◆ EXTRACTED ENTRIES ◆
◇ ◇ ◇
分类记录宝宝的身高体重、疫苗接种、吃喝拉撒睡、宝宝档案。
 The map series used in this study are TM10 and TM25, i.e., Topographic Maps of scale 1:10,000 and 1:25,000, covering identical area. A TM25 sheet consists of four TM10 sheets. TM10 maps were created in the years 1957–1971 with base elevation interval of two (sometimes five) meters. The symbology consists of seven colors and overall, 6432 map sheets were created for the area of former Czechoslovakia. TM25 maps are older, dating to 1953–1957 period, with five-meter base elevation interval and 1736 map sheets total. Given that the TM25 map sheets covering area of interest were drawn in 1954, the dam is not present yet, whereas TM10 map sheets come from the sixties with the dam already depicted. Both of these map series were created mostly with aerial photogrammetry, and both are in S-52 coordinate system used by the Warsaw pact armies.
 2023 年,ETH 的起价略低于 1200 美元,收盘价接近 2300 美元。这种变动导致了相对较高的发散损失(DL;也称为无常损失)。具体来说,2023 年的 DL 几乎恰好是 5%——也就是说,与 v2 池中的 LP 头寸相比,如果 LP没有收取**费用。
◇ ◇ ◇
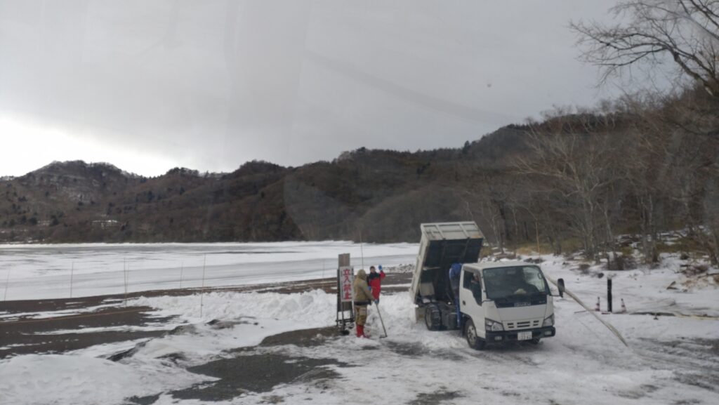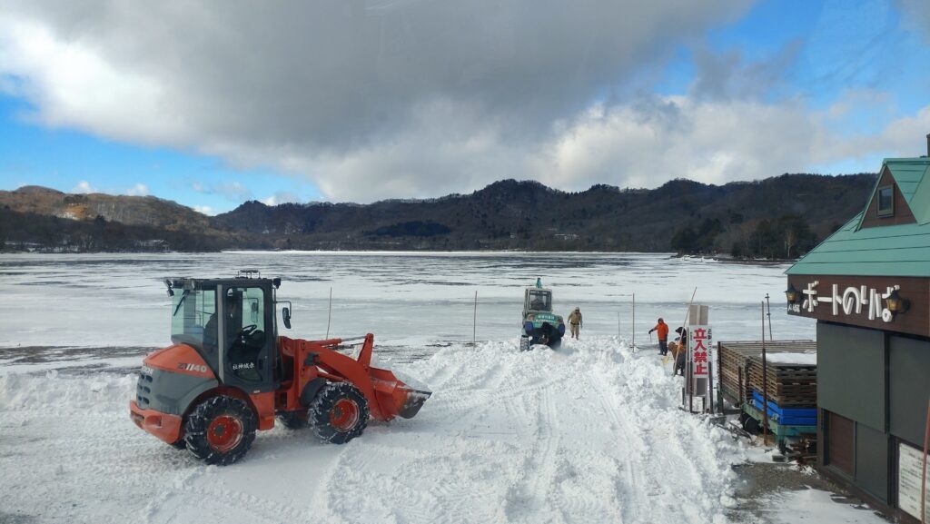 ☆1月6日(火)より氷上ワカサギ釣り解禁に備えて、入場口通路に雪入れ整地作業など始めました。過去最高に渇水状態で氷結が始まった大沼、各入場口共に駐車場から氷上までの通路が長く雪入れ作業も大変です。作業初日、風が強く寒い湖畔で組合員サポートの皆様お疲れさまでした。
◇ ◇ ◇
◆ EXERCISE DIRECTIONS ◆
Repeat, character for character, the lines of the material above from the line with "The map series" through the line with "2023 年,ETH 的起价略低于".

◆ EXPECTED OUTPUT ◆
 The map series used in this study are TM10 and TM25, i.e., Topographic Maps of scale 1:10,000 and 1:25,000, covering identical area. A TM25 sheet consists of four TM10 sheets. TM10 maps were created in the years 1957–1971 with base elevation interval of two (sometimes five) meters. The symbology consists of seven colors and overall, 6432 map sheets were created for the area of former Czechoslovakia. TM25 maps are older, dating to 1953–1957 period, with five-meter base elevation interval and 1736 map sheets total. Given that the TM25 map sheets covering area of interest were drawn in 1954, the dam is not present yet, whereas TM10 map sheets come from the sixties with the dam already depicted. Both of these map series were created mostly with aerial photogrammetry, and both are in S-52 coordinate system used by the Warsaw pact armies.
 2023 年,ETH 的起价略低于 1200 美元,收盘价接近 2300 美元。这种变动导致了相对较高的发散损失(DL;也称为无常损失)。具体来说,2023 年的 DL 几乎恰好是 5%——也就是说,与 v2 池中的 LP 头寸相比,如果 LP没有收取**费用。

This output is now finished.